FIG. 4 is a diagram illustrating a detailed structure of the input rectifying circuit 210 according to an embodiment of the present disclosure. As shown in FIG. 4, the filtering circuit 310 includes inductors L1 and L2 and capacitors C1 to C3 to filter EMI as described above. The filtering circuit 310 is configured to as an Electromagnetic Compatibility (EMC)_π filter for filtering out the interference from the AC input. The rectifying circuit 320 includes diodes D1 to D4 connecting to form a bridge rectifier. The rectifying circuit 320 is configured to convert power from AC to DC. The voltage doubler 330 includes capacitors C4 and C5. The node connecting the capacitors C4 and C5 is further coupled to the earth wire E of an electric outlet via a switch SW1 of the switching circuit 350. The switching circuit 350 is configured to auto switch the input voltage from 110 volts to 220 volts. The current inrush limiter 340 includes a thermistor Rt to limit inrush current, wherein the current inrush limiter 340 is configured to protect the high current from the input. The functions of each circuit block are mentioned above, and thus the detailed description is omitted here for brevity.

FIG. 5 is a diagram illustrating the control circuit 132 according to an embodiment of the present disclosure. As shown in FIG. 5, the control circuit 132 includes a charging circuit 510, a discharge circuit 520 and a discharge protecting circuit 530. The charging circuit 510 includes sources of impedance such as a resistor and a fuse. Therefore, the current generated from the DC voltage 150 passes through the charging circuit 510 to charge the battery BAT when the voltage level of the DC voltage 150 is greater than the voltage level of the battery BAT. The discharging circuit 520 includes a diode D5, which has a bias voltage. Therefore, the current generated by the battery BAT passes through the discharging circuit 520 when the voltage level of the battery BAT is greater than the sum of the voltage level of the DC voltage level 150 and the voltage level of the battery BAT. The discharge protecting circuit 530 includes a Metal-Oxide-Semiconductor Field-Effect Transistor (MOSFET) Ml, a Bipolar Junction Transistor (BJT) B1, resistors R2 to R4, a switch SW2 and a Zener diode Z1. The connection of the elements of the discharge protecting circuit 530 is shown in FIG. 5, and thus the detailed description is omitted here.

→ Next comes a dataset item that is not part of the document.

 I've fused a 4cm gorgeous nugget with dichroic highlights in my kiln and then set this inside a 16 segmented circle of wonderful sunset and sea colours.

FIG. 6 is a diagram illustrating the structure of the output port P1′ and the output ports P1 to PX according to an embodiment of the present disclosure. The output port P1′ includes a fuse, a resistor R_x′ and a light-emitting diode (LED) D_x′, and each of the output ports P1 to PX includes a fuse, a resistor R_x and an LED D. By adjusting the impedance of the fuse and the resistor, the currents DC1 and DC2 can easily be adjusted.

FIG. 7 is a flowchart illustrating a power supply method 700 of a CCTV system according to an embodiment of the present disclosure. As long as the results produced are substantially the same, the steps shown in FIG. 7 are not required to be executed in the exact order described, and other orders may be followed. The method 700 is summarized as follows.

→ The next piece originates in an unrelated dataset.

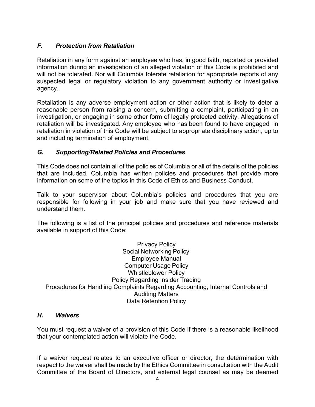4 F. Protection from Retaliation Retaliation in any form against an employee who has, in good faith, reported or provided information during an investigation of an alleged violation of this Code is prohibited and will not be tolerated. Nor will Columbia tolerate retaliation for appropriate reports of any suspected legal or regulatory violation to any government authority or investigative agency. Retaliation is any adverse employment action or other action that is likely to deter a reasonable person from raising a concern, submitting a complaint, participating in an investigation, or engaging in some other form of legally protected activity. Allegations of retaliation will be investigated. Any employee who has been found to have engaged in retaliation in violation of this Code will be subject to appropriate disciplinary action, up to and including termination of employment. G. Supporting/Related Policies and Procedures This Code does not contain all of the policies of Columbia or all of the details of the policies that are included. Columbia has written policies and procedures that provide more information on some of the topics in this Code of Ethics and Business Conduct. Talk to your supervisor about Columbia’s policies and procedures that you are responsible for following in your job and make sure that you have reviewed and understand them. The following is a list of the principal policies and procedures and reference materials available in support of this Code: Privacy Policy Social Networking Policy Employee Manual Computer Usage Policy Whistleblower Policy Policy Regarding Insider Trading Procedures for Handling Complaints Regarding Accounting, Internal Controls and Auditing Matters Data Retention Policy H. Waivers You must request a waiver of a provision of this Code if there is a reasonable likelihood that your contemplated action will violate the Code. If a waiver request relates to an executive officer or director, the determination with respect to the waiver shall be made by the Ethics Committee in consultation with the Audit Committee of the Board of Directors, and external legal counsel as may be deemed

• • Step 702: Receive an AC voltage from the electrical power grid.
  • Step 704: Determine whether the provided AC voltage is normal; if yes, go to step 706; otherwise, go to step 712.
  • Step 706: Convert the AC voltage into a DC voltage.
  • Step 708: Determine whether the voltage level of the DC voltage is greater than that of the battery; if yes, go to step 710; otherwise, go to step 704.
  • Step 710: Charge the battery.
  • Step 712: Determine whether the voltage level of the battery is greater than a predetermined value; if yes, go to step 714; otherwise, go to step 704.
  • Step 714: Provide the DC voltage to a recorder and cameras.

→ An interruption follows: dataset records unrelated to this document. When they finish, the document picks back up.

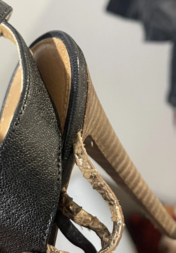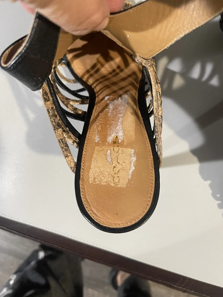 *** there are some sign of imperfection pls refer to pictures, there is sticker left on the right shoes, already removed some and stain at the bottom of the shoes pls refer to pictures** sold as is*** The Coach Jody Python Print Ankle Stiletto is a stylish heel featuring a striking animal print design in black and sand colors. With an open toe and strappy style, these heels are perfect for various occasions like parties, casual outings, and even business events. The ankle strap and adjustable strap provide added comfort and security while the stiletto heel adds a touch of sophistication. Crafted from leather and designed with a unique animal theme, these heels are a fashionable choice for women who want to make a statement with their footwear.
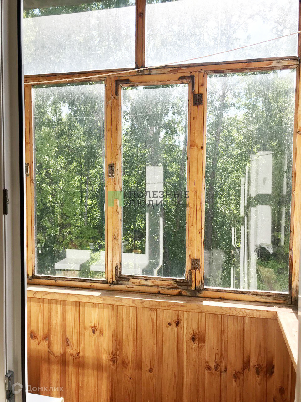 В квартире установлены пластиковые окна. Балкон застеклен деревом.
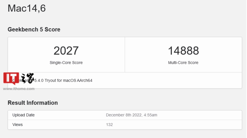 12 月 9 日消息:Geekbench 跑分平臺上周曝光了蘋果尚未發(fā)布的 M2 Max 芯片,單核處理器成績?yōu)?1889 分,多核成績?yōu)?14586 分。而該平臺再次曝光了 M2 Max 芯片的最新跑分成績,單核處理器成績?yōu)?2027 分,多核成績?yōu)?14888 分,單核成績提升明顯。

Those skilled in the art should readily understand the power supply method 700 after reading the descriptions above. Further detailed descriptions are omitted here for brevity.

Claims

1. A closed circuit television (CCTV) system, comprising: a camera, arranged to capture an image;a recorder, arranged to receive the image from the camera and store the image; anda power supply circuit, including: a transforming circuit, arranged to generate a direct current (DC) voltage by converting an alternating current (AC) voltage;a first output port coupled to the camera;a second output port coupled to the recorder;a battery; anda control circuit, arranged to selectively charge the battery with the DC voltage, and to selectively discharge the battery to provide a first DC current to the camera via the first output port and a second DC current to the recorder via the second output port.

2. The CCTV system of claim 1, wherein the control circuit discharges the battery to provide the first DC current and the second DC current when the voltage level of the battery is greater than a predetermined value.

3. The CCTV system of claim 1, wherein the control circuit charges the battery with the DC voltage when the DC voltage is greater than the voltage level of the voltage source.

4. The CCTV system of claim 1, wherein the transforming circuit includes: an input rectifying circuit, arranged to generate a rectified signal according to the AC voltage; anda transformer, arranged to generate the DC voltage according to the rectified signal.

5. A power supply circuit of a closed circuit television (CCTV) system, wherein the CCTV system includes a camera and a recorder, and the camera is arranged to capture an image and the recorder is arranged to receive the image from the camera and store the image, the power supply circuit comprising: a transforming circuit, arranged to generate a direct current (DC) voltage by converting an alternating current (AC) voltage;a first output port coupled to the camera;a second output port coupled to the recorder; anda control circuit, arranged to selectively charge a battery with the DC voltage, and selectively discharge the battery to provide a first DC current to the camera via the first output port and a second DC current to the recorder via the second output port.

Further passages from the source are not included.